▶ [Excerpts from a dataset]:
↓↓↓
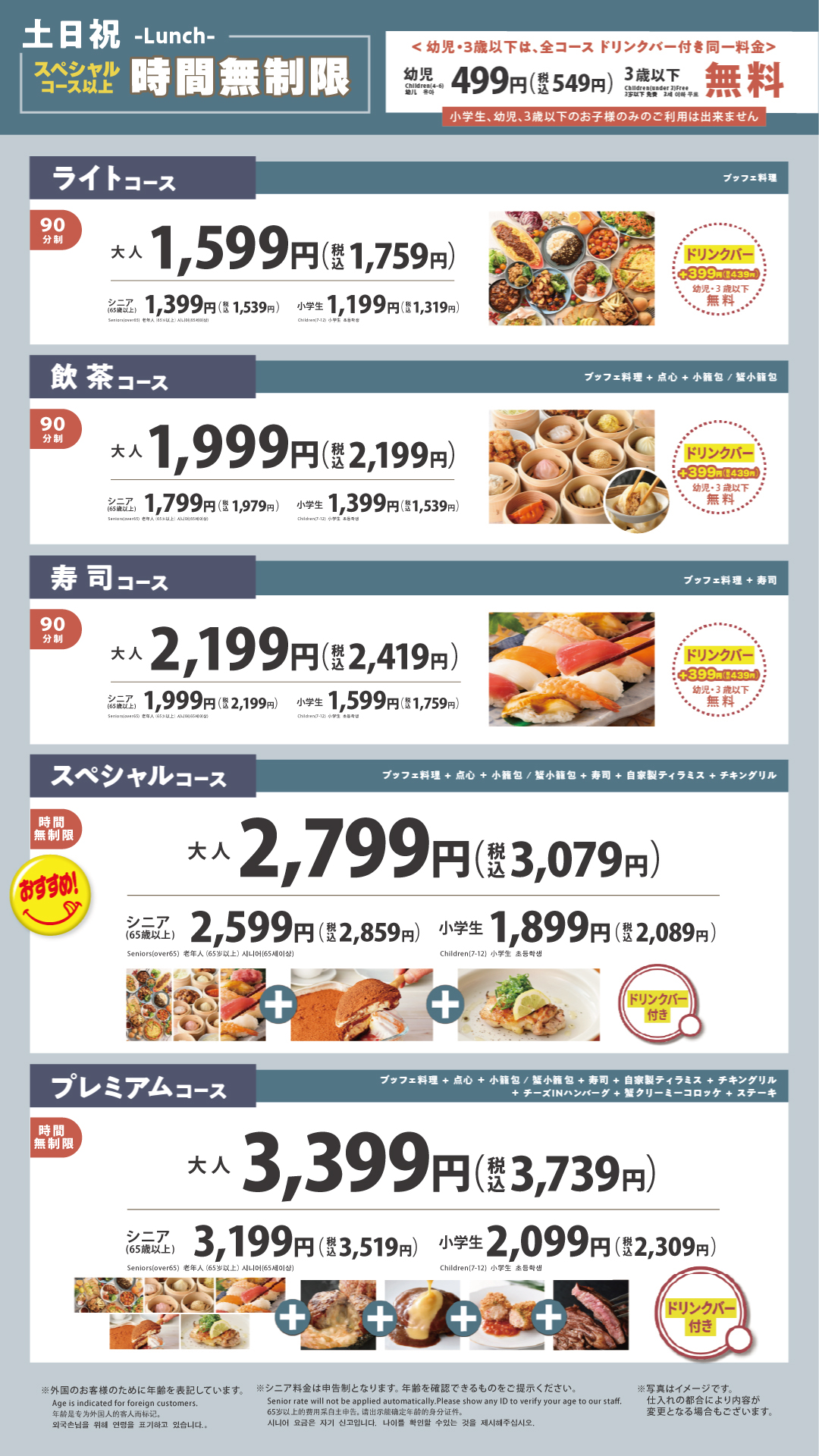 ※ライトコース、飲茶コース、寿司コースは別料金となります
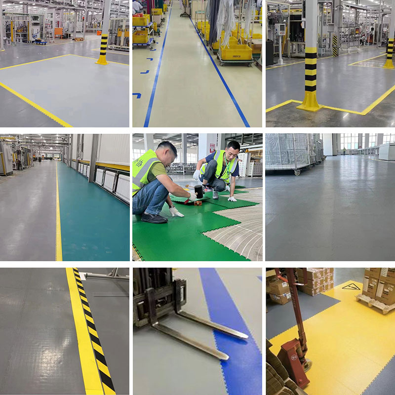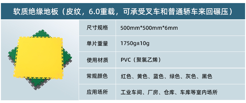 軟質絕緣地板能夠將每個獨立的地板快速拼裝成整體地面,專利型鎖扣結構連接能力更強,可承受叉車的來回碾壓。施工過程中無需膠黏劑等材質,具有施工簡單快速、色彩絢麗、美觀大方、可移動性強、可重復使用等特點。
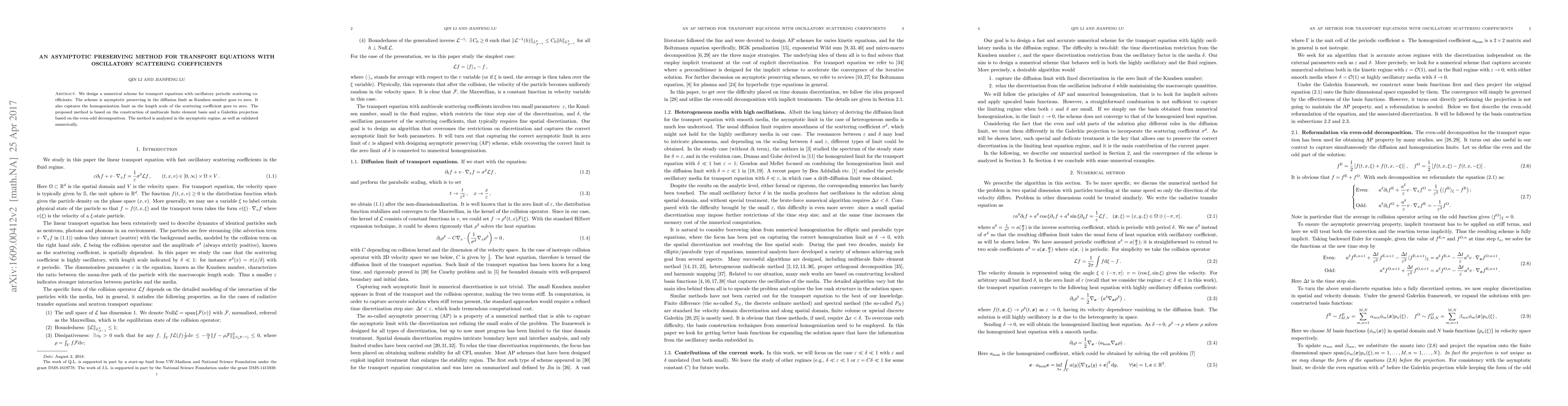 Researchers developed an asymptotic preserving numerical scheme for transport equations with oscillatory scattering coefficients, capturing both diffusion and homogenization limits.
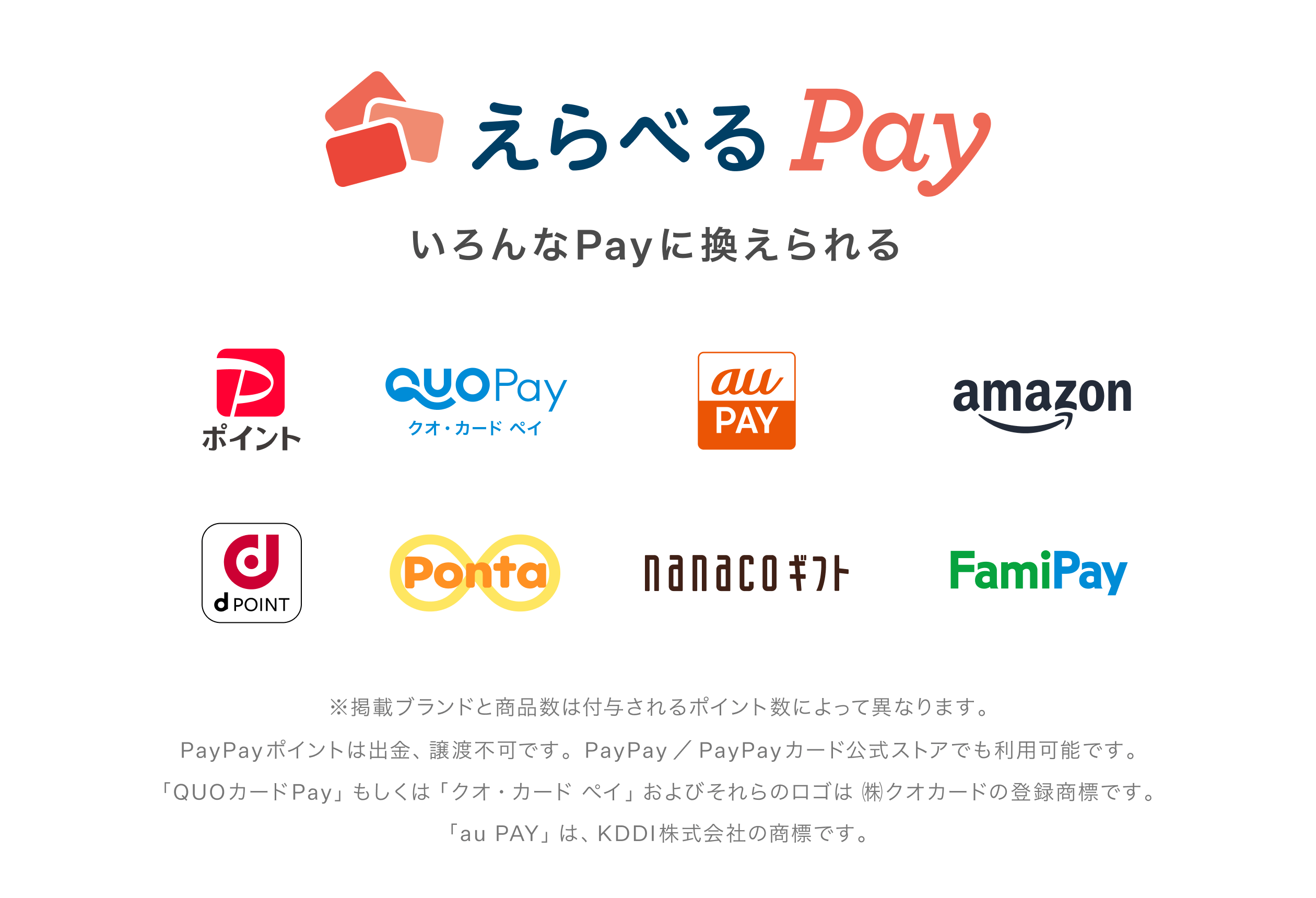 PayPayポイント / QUOカードPay / Pontaポイント / Vマネー / nanacoギフト / FamiPay / ギフティ プレモPlus / Visa eギフト /dポイント / au PAY ギフトカード / Gポイント / Vポイント / セブン銀行「ATM受取」 / EdyギフトID / WAON POINT eギフト / JAL Payポイント / Visaギフトカード(Ⅴプリカギフト)
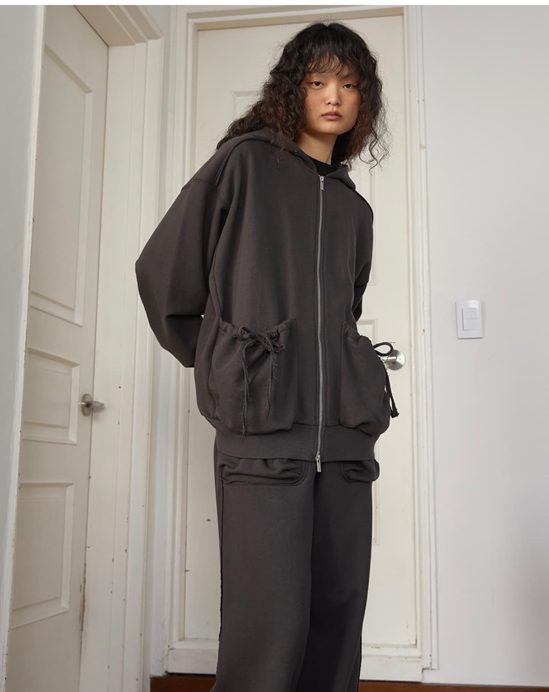 • 마뗑킴 볼륨 포켓 후디 집업 차콜
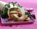 Coarsely chop the pistachios. Mix 150 g sugar, pistachios and 300 g flour in a bowl. Add 200 g butter in flakes and quickly work into crumbles with the whisk of the hand mixer. Put the crumbles in a cool place. Mix 400 g flour, yeast, 50 g sugar, vanillin sugar and salt in a bowl. Melt 60 g butter in a saucepan, add 200 ml cold milk and pour the lukewarm mixture into the bowl to make the flour mixture.
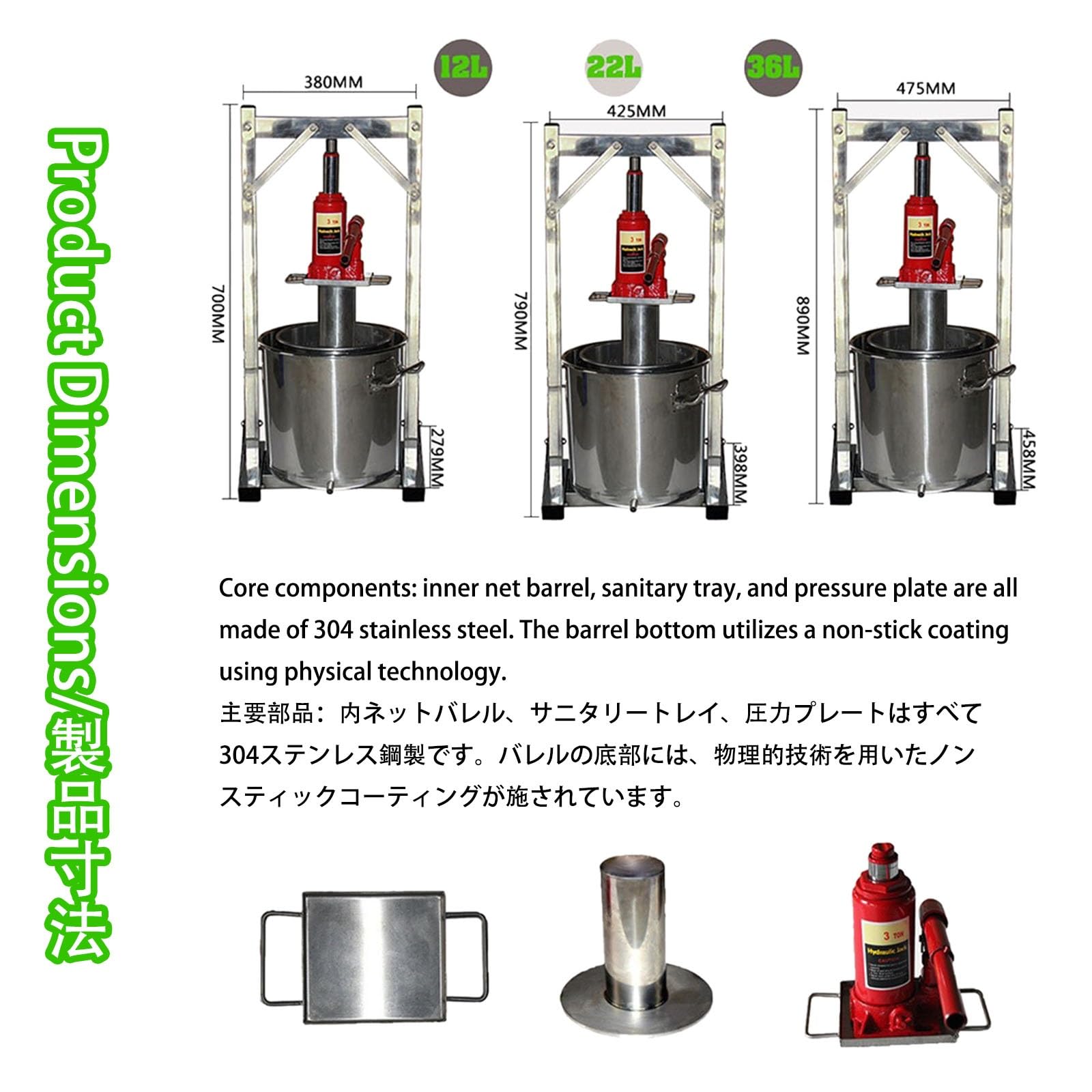 搾汁機 12-36L ワイン圧搾機 ステンレス鋼 果汁 絞り器 自家醸造機 ハニープレス抽出器、大型フルーツハニープレッサー、ステンレススチールサイダー、ワイン、ブドウ、リンゴプレス、ワインやジュース製造用品用
↑↑↑
Output every record above exactly, leaving out the pictures.

 ※ライトコース、飲茶コース、寿司コースは別料金となります
 軟質絕緣地板能夠將每個獨立的地板快速拼裝成整體地面,專利型鎖扣結構連接能力更強,可承受叉車的來回碾壓。施工過程中無需膠黏劑等材質,具有施工簡單快速、色彩絢麗、美觀大方、可移動性強、可重復使用等特點。
 Researchers developed an asymptotic preserving numerical scheme for transport equations with oscillatory scattering coefficients, capturing both diffusion and homogenization limits.
 PayPayポイント / QUOカードPay / Pontaポイント / Vマネー / nanacoギフト / FamiPay / ギフティ プレモPlus / Visa eギフト /dポイント / au PAY ギフトカード / Gポイント / Vポイント / セブン銀行「ATM受取」 / EdyギフトID / WAON POINT eギフト / JAL Payポイント / Visaギフトカード(Ⅴプリカギフト)
 • 마뗑킴 볼륨 포켓 후디 집업 차콜
 Coarsely chop the pistachios. Mix 150 g sugar, pistachios and 300 g flour in a bowl. Add 200 g butter in flakes and quickly work into crumbles with the whisk of the hand mixer. Put the crumbles in a cool place. Mix 400 g flour, yeast, 50 g sugar, vanillin sugar and salt in a bowl. Melt 60 g butter in a saucepan, add 200 ml cold milk and pour the lukewarm mixture into the bowl to make the flour mixture.
 搾汁機 12-36L ワイン圧搾機 ステンレス鋼 果汁 絞り器 自家醸造機 ハニープレス抽出器、大型フルーツハニープレッサー、ステンレススチールサイダー、ワイン、ブドウ、リンゴプレス、ワインやジュース製造用品用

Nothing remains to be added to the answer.